In the comparison of different network models, as shown in
Figure 11, YOLOv7-tiny exhibits the highest recognition accuracy, and the dataset size has the least impact on the model’s performance. When the sample size is 500 images, YOLOv7-tiny achieves the highest recognition accuracy. However, when the number of samples per class increases to 1500 images, the recognition accuracy of each model is at its peak. As the sample size decreases, the recognition accuracy of all models gradually decreases. Yet, YOLOv7-tiny shows minimal accuracy loss, indicating that the proposed method maintains high classification accuracy even with fewer samples. This demonstrates that the method can handle situations with limited Lanzhou lily-weed samples.

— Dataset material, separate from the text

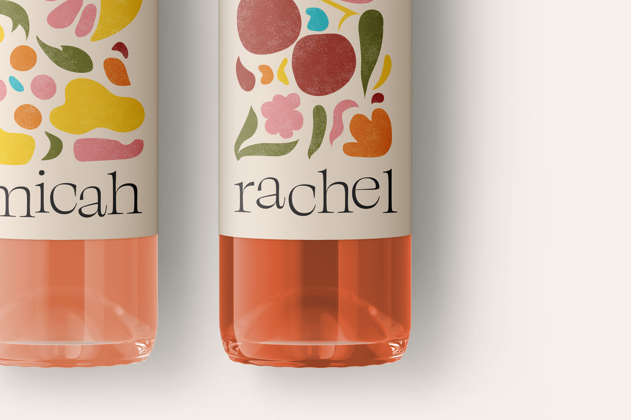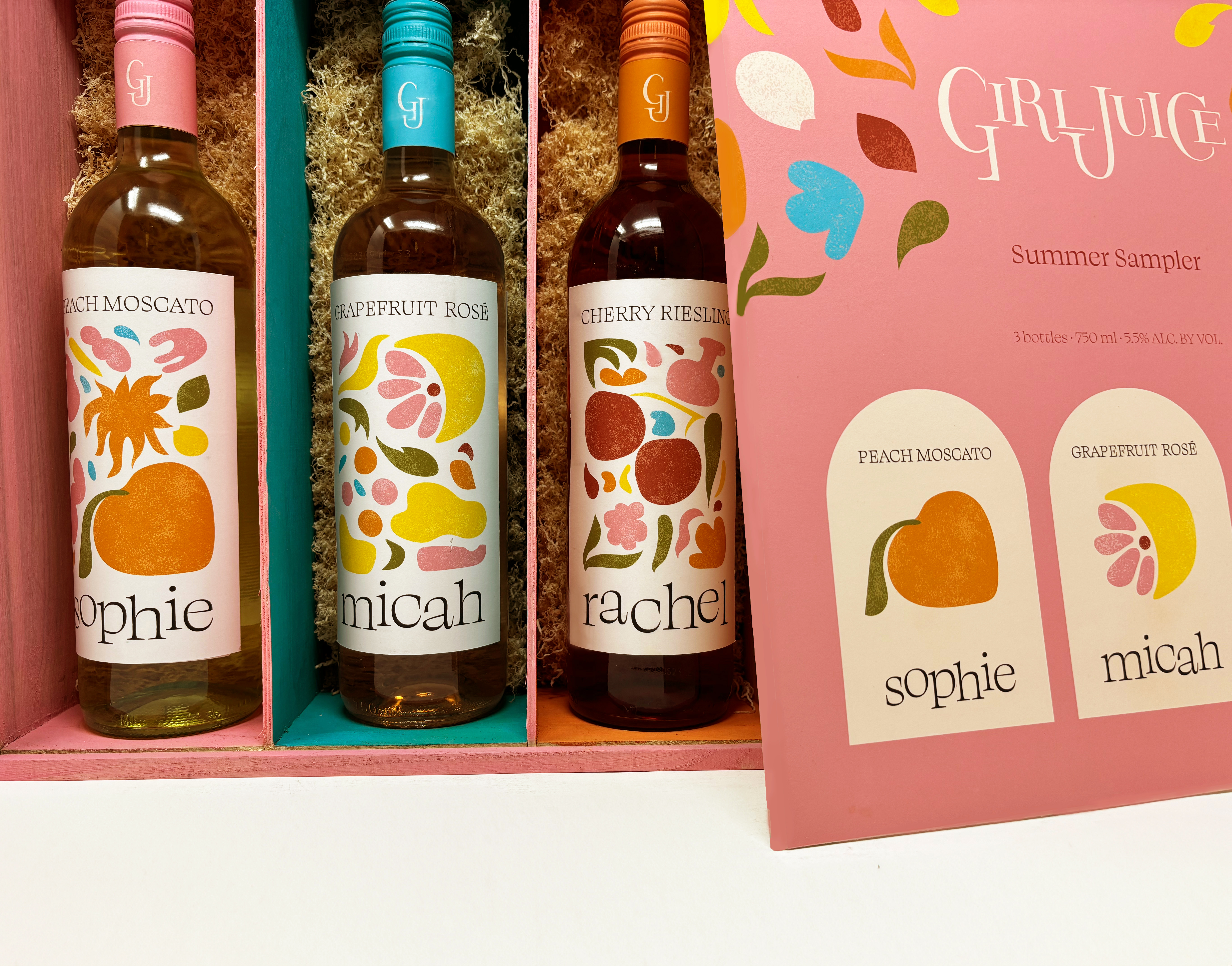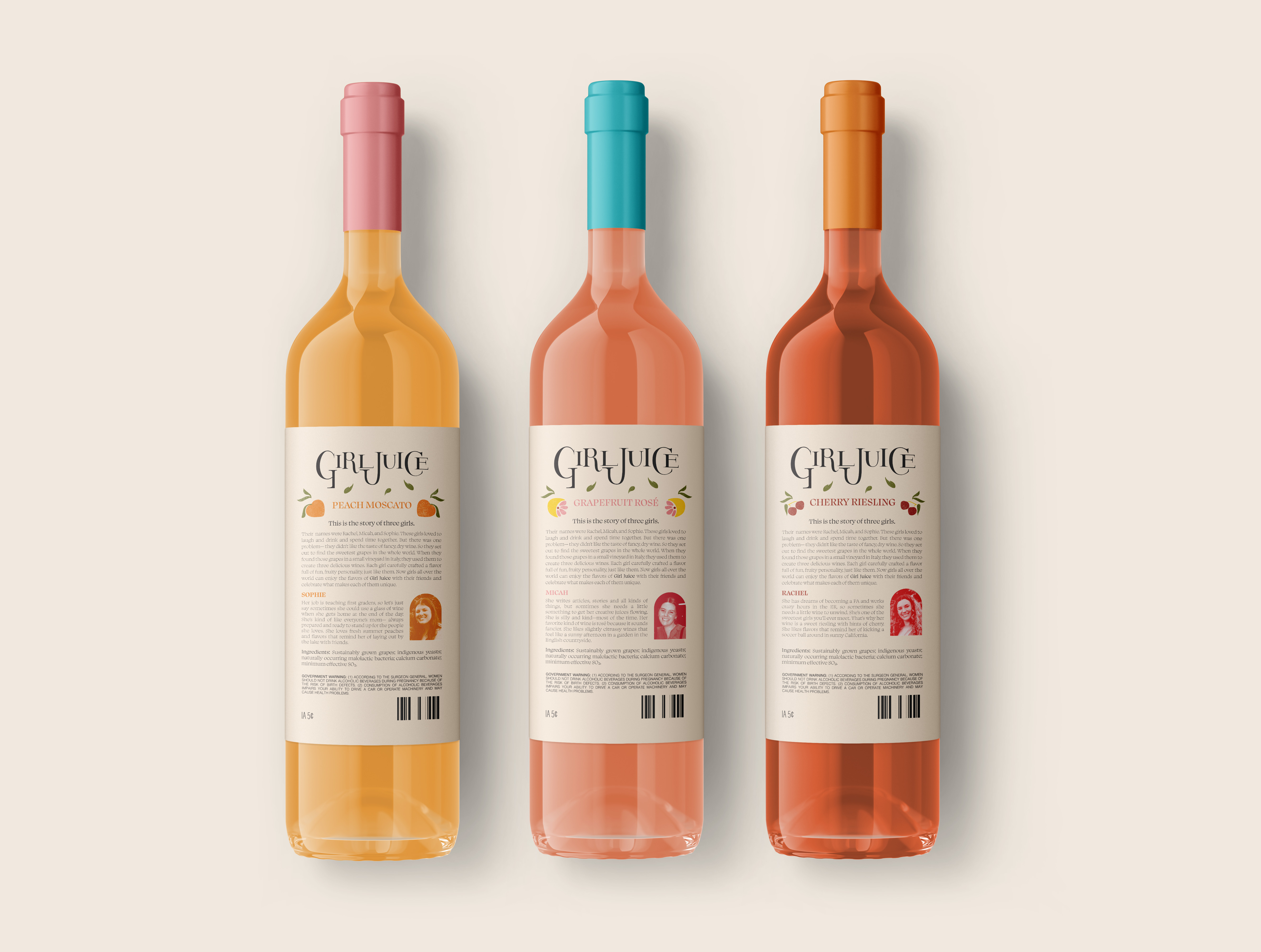 Girl Juice is designed for the girls who love to enjoy wine with friends, but don't like the taste of fancy, dry wine. Each flavor was named after and inspired by an important girl in my life. The Summer Sampler includes a variety of sweet white wines, including Sophie’s Peach Moscato, Micah’s Grapefruit Rosé, and Rachel’s Cherry Riesling. Each wine label also incorporates hidden images inspired by each girl’s personality. The system utilizes bright, feminine colors and funky shapes to signal that these aren’t some stuffy, sophisticated wines. Combined with an unconventional serif font and distressed textures, Girl Juice is full of personality, just like the girls who inspired it.

However, when the dataset is extremely small, convolutional neural networks (CNNs) struggle to classify the data accurately. The experiment highlights the reduced dependence on large datasets by the proposed method.
The YOLOv7-tiny model, implemented for Lanzhou lily-weed detection, addresses issues related to low accuracy in CNN-based models for identifying common weeds in lily fields, as well as the high data requirements. By analyzing the impact of different network models, parameter sizes, dataset sizes, and occlusion conditions on model performance, the experiment validates the effectiveness of the proposed approach.
Figure 12 shows the detection results for the YOLOv7-tiny network model with dynamic pruning and knowledge distillation on the lily-weed dataset. Comparing image (b) with image (a), it is evident that the enhanced model accurately detects weeds and lilies with improved precision. This indicates that even after model compression, the network is capable of learning the similarities within the same category and distinguishing between different categories in a short time, leading to accurate identification of weeds and lilies.
As shown in
Figure 13, the model’s accuracy (P), recall rate (R), and P-R curve were recorded during the training process. From the plot in
Figure 13a, it is evident that the accuracy increases rapidly during the initial training stages. Ultimately, the model achieves an accuracy of 89.2%, a recall rate of 81.5%, and a mAP (mean Average Precision) of 88.4% at an overlap threshold of 0.5. The variations in P, R, mAP, and loss values over iterations align with the experimental expectations. The series of network models proposed in this study, considering both parameter count and accuracy, offer significant advantages for practical applications.
To address the issue of insufficient data, which can negatively impact the performance of the network model and even prevent it from learning effective feature representations, experiments were conducted using the YOLOv7-tiny model. The results demonstrated its outstanding overall performance. YOLOv7-tiny achieved the highest recognition accuracy and showed stability in performance across different datasets, reaching 93.53%. This result highlights the model’s robustness and generalization capability when handling limited data. Additionally, the lightweight nature of YOLOv7-tiny enhances its flexibility and efficiency in practical applications. It can be deployed in resource-constrained environments, such as mobile devices or embedded systems, enabling real-time object detection and recognition. This makes it particularly valuable for precision weeding applications.